Install Cloudera Manager from an AWS instance
You can launch an AWS instance at CentOS 6.3 and ssh to the instance. Then, download the Cloudera Manager 4.5 installer and execute it on the remote instance:
$ wget http://archive.cloudera.com/cm4/installer/latest/cloudera-manager-installer.bin
$ chmod +x cloudera-manager-installer.bin
$ sudo ./cloudera-manager-installer.bin
(1) Follow the command based installation accepting licenses.
(2) Open and go to Cloudera Manager's Web UI, which might be local URLbut you may use the global URL, to launch the services.
(3) All Services > Add Cluster > Continue on Coudera Manager Express Wizard > CentOS 6.3; m1.xlarge; ...
Note: >= m1.large recommended
Stop unneccessay services
Stop HBase, Hive, Oozie, Sqoop
All systems are located at 'usr/lib/'
For example, /usr/lib/solr, /usr/lib/zookeeper, ...
Optional: Activate Solr service
After launching Cloudera Manager and its instances as shown at whirr_cm above, go to 'Host' > 'Parcels' tab of the Cloudera Manager's Web UI. Then, you can download the latest available CDH, Solr, Impala.

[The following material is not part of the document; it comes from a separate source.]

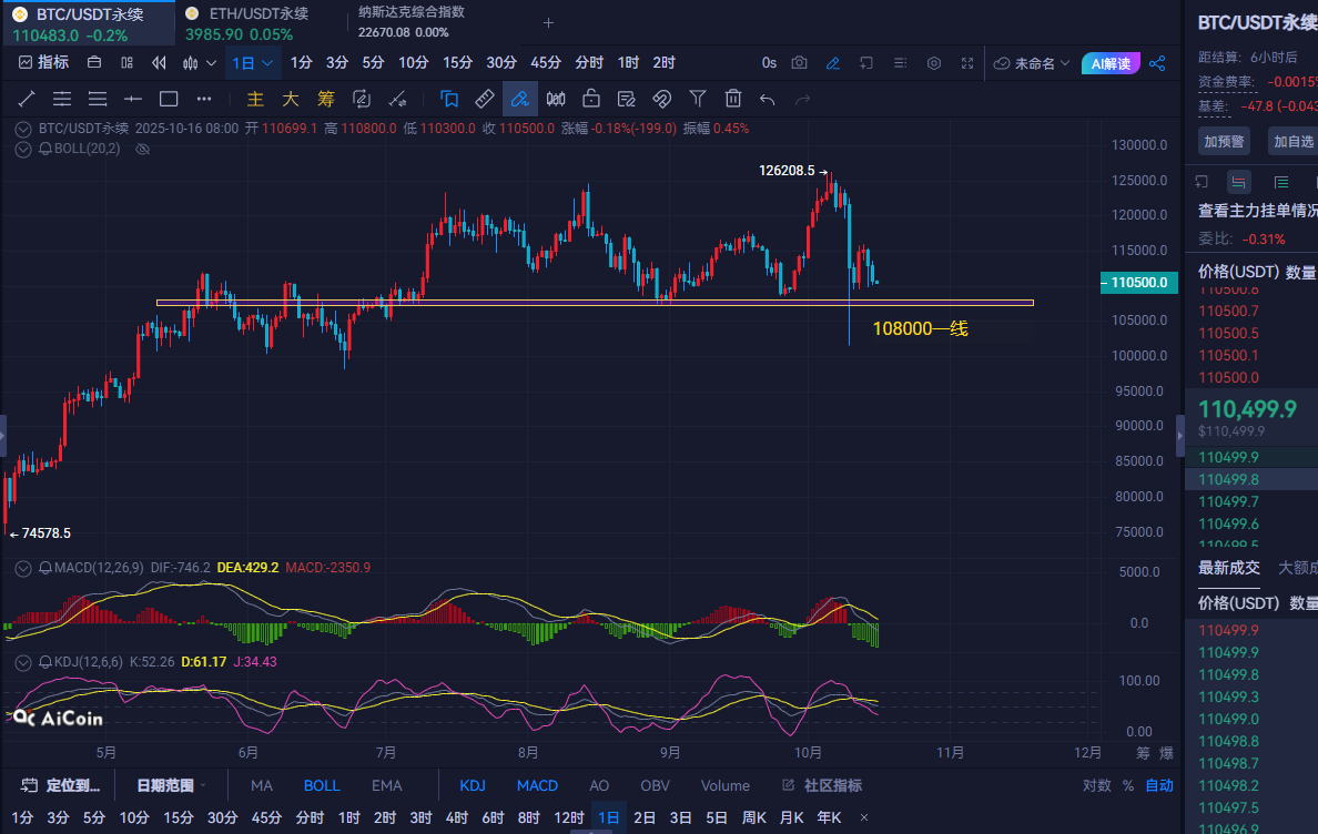 早间分析:从当前1小时图来看,大饼价格再次接近108000强支撑附近,短线虽有反弹,但动能极其匮乏,回弹幅度微弱且缺乏有效买盘支撑,整体结构仍处于明确的偏弱状态。4小时图中,大饼运行在布林带下轨附近,底部正蓄力吸筹,K线反复测试底部支撑。布林带三轨呈平行运行,开口有扩张趋势,预示市场即将又迎来方向选择,预测会继续试探108000一线支撑。

Download "SOLR 0.9.1-1.cdh4.3.0.p0.275" > Distribute > Activate > Restart the current Cluster
Optional: download CDH 4.3.0-1
Download "CDH 4.3.0-1.cdh4.3.0.p0.22" > Distribute > Activate > Restart the current Cluster
Note: Restarting the cluster will take several minutes
Add Solr service
Actions (of Cluster 1 - CDH4) > Add a Service > Solr > Zookeeper as a dependency
Open a Web UI of Hue
Default login/pwd is admin You can see Solr. Select it
Update Solr conf at a zookeeper node
You can see a solr configuration file as '/etc/default/solr' and update it with as follows:
sudo vi /etc/default/solr
Note: it may not recognize 'localhost' so that use '127.0.0.1' alternatively
Create the /solr directory in HDFS:
$ sudo -u hdfs hadoop fs -mkdir /solr
$ sudo -u hdfs hadoop fs -chown solr /solr
Create a collection
You change to root account and need to add solr to zookeeper. From now on, I run shell commands as root user.
$ sudo su
$ solrctl init
or
$ solrctl init --force
Then, at Cloudera Manager's Web UI, restart solr service.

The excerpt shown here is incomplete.